Looking back: Search for missing plane; and homemade bomb goes off inside LDS seminary building
Published atIDAHO FALLS — EastIdahoNews.com is looking back at what life was like during the week of Nov. 17 to Nov. 23 in east Idaho history.
1900-1925
BLACKFOOT — A 14-year-old boy was accidentally shot and killed by his hunting companion while in the process of shooting a rabbit, The Bingham County News reported on Nov. 23, 1916.
Alpha Barrette, son of A. Barrette, the local manager of the Gem State Lumber Company, was the one killed. The paper said this was “the saddest hunting accident of the year.”
“The full charge of a 10-gauge shotgun, at a distance of seven feet, entered the back of the skull, completely tearing the back of the head away and most of the forehead,” the paper reads.
It continued, “The bereaved and heartbroken parents have the sincere sympathy of this entire community in their almost unbearable sorrow.”
Mr. Barrette requested that Arthur Changnon, who killed his son, should not be arrested and that no investigation be held by the coroner.
1926-1950
GRACE — The search for a missing plane was underway in the Grace-Preston area, the Idaho Falls Post Register reported on Nov. 21, 1947.
Private pilots from Idaho and Utah were searching for two Butte, Montana, men missing for almost a week after leaving on a flight from Montpelier, Idaho, to Salt Lake City, Utah.
The men were Bruno Koski, a Civil Aeronautics employee, and Harold Leroy Smith, a construction company worker.
The plane was last seen in the Grace-Preston area over the north end of the Wasatch mountain range, where the snow-covered peaks extend upward to 9,000 feet.
On Nov. 20, 20 planes conducted an unsuccessful “dawn to dark” search over a 50-square mile mountainous area for signs of the missing aircraft.
Chet Moulton, Idaho aeronautics director and A.G. Witter, CAA inspector, both of Boise, were directing volunteer pilots from Montpelier, Soda Springs, Grace, Pocatello and Preston, as well as Tremonton and Logan, Utah.
1951-1975
RIGBY — Some “youthful joy riders” who stole a car, ended up returning the car to its rightful owner, the Idaho Falls Post Register reported on Nov. 17, 1952.
“All’s well that ends well. Even after a wild chase,” the paper wrote.
Sheriff Howard Shaffer was on patrol in Rigby Sunday night around 10 p.m. when he saw a car doing “shines” on a sheet of ice in a vacant lot in front of the Rigby Junior High School.
As he drove over to investigate, the driver started to drive away. The sheriff began to chase after the car and even “crowded the car into the borrow pit” but it kept going.
The sheriff looked up the license plate number of the car and found it was registered to Harold F. Goff, of Idaho Falls. Shaffer drove to Idaho Falls to investigate further and stopped at the police station just as Goff came in to report his car had been stolen.

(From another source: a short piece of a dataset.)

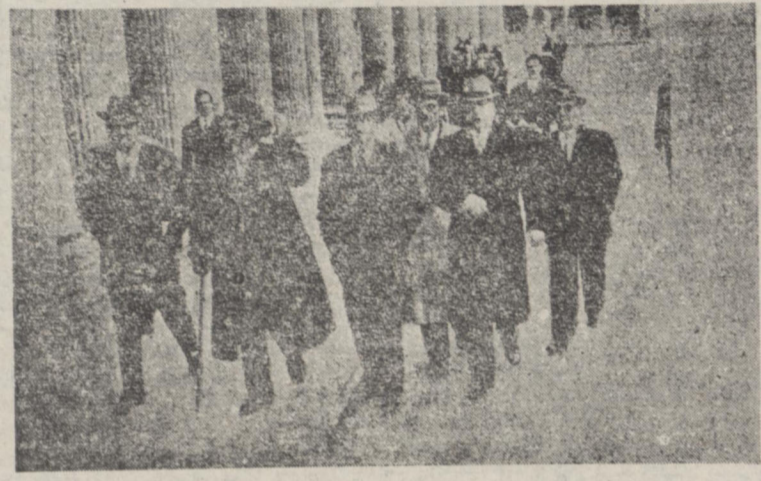
چند تن از آقایان نمایندگان منفرد مجلس که امروز از خدمت خود بلافاصله آقای نخست وزیر رفته. این عکس هنگام خروج آنان از مجلس برداشته شده است. جریان اقدامات این هیئت ضمن گزارش خبرنگار پارلمانی ما شرح شده است.

“All stations were alerted — and half an hour later the car was found in front of the Goff home,” the article wrote. “The youthful joy riders had apparently decided to return the vehicle.”
1976-2000
POCATELLO — Pocatello Police recovered the remains of a homemade bomb that exploded inside the men’s bathroom of The Church of Jesus Christ of Latter-day Saints seminary building near Highland High School, the Idaho State Journal reported on Nov. 17, 1977.
The one-story building of classrooms and offices sustained an estimated $200 in damages. The blast, which occurred at 3 p.m., shattered a urinal and blackened walls and mirrors with smoke.
Two witnesses said they remember seeing two youth, believed to be about 18 years old, walking back and forth in front of the building several times and looking through the glass doors minutes before the explosion.
There were no injuries in the blast.